Elegir el fotógrafo de boda, es una de las decisiones más difíciles durante los preparativos,  ya que será la persona responsable de capturar cada momento para inmortalizarlo, conviene meditar la decisión tranquilamente y siguiendo unas premisas, pues evitaremos sorpresas no muy agradables de las que terminan ocultas en el fondo de un baúl.

Lo importante inicialmente, es tener en mente el presupuesto que podemos destinar, qué resultado deseamos y cuáles serán las fotografías que dentro de unos años nos apetecería contemplar. Por ello, una buena relación y bastante comunicación con el equipo del fotógrafo de bodas es imprescindible, además al tenerlo todo claro, la pareja podrá relajarse y disfrutar de una manera espontánea y feliz ante el objetivo.

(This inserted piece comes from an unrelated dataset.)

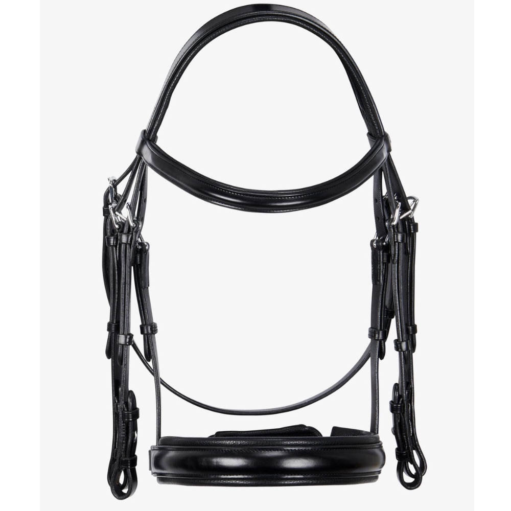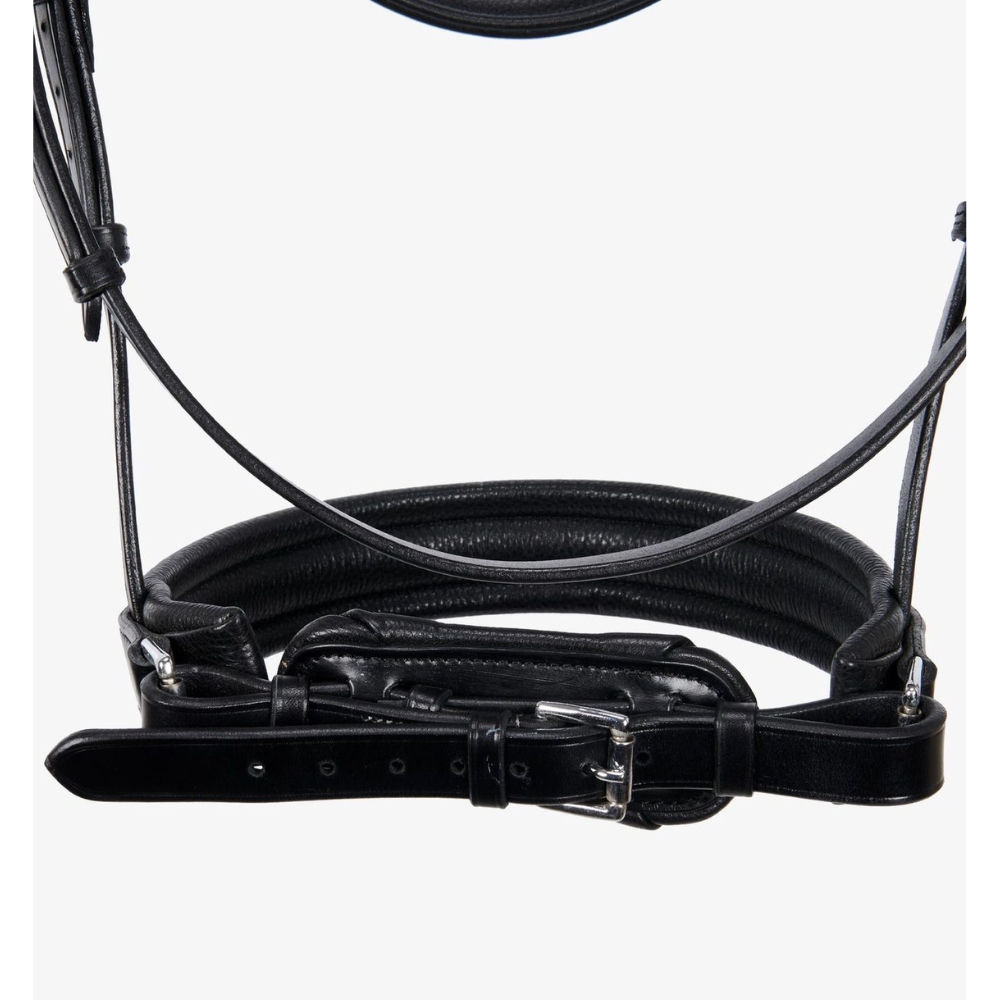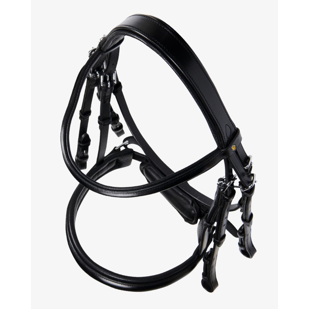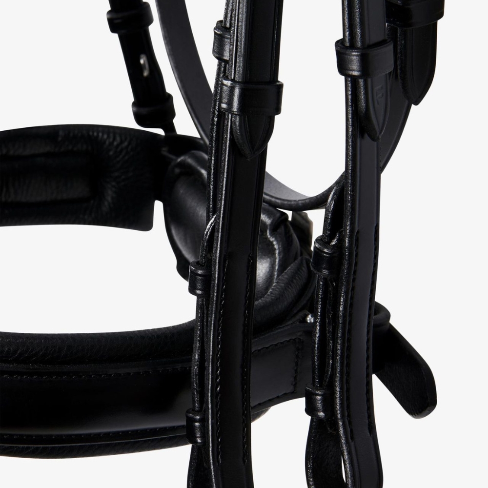 Den anatomisk formede nakkerem er designet til at fordele trykket jævnt over et større område i nakkens mest følsomme zone, hvilket øger hestens komfort. Næsebåndet er udstyret med en pull-back lukning, monteret på en polstret og aftagelig beskyttelsesflap, som sikrer nem og skånsom tilpasning.

Una vez que tenemos claros estos temas, habrá que ponerse en noviasmarcha y localizar lo que más convenga al estilo personal de la pareja. Existen opciones para todos los gustos, desde los grandes clásicos como Bibiana Fierro o Beatriz de Goiri, que apuntan una estética cuidada y bastante natural; hasta lo más innovadores que se hacen cargo, tanto de la fotografía como del vídeo; sin olvidarnos de gurús como Jean Marc Manson, capaz de conseguir fotos dignas de una editorial de moda. Incluso apostar por la fotografía analógica de la mano de Lomography.

También debemos tener claro, qué momentos son los que deseamos incluir en el reportaje, el equipo de http://www.wolfphotographers.com/ realiza sesiones pre y post boda en las que se incluyen los preparativos y fotos muy románticas. Es preciso incluir en el contrato, las fotografías en casa del novio y la novia, la hora hasta la que estarán en la celebración, etc. Y una vez todo acabado, especificar todo lo relativo a derechos de imagen: si le permitimos al fotógrafo usar las fotografías para su página web, para mostrarlas a otros novios, para publicarlas, etc.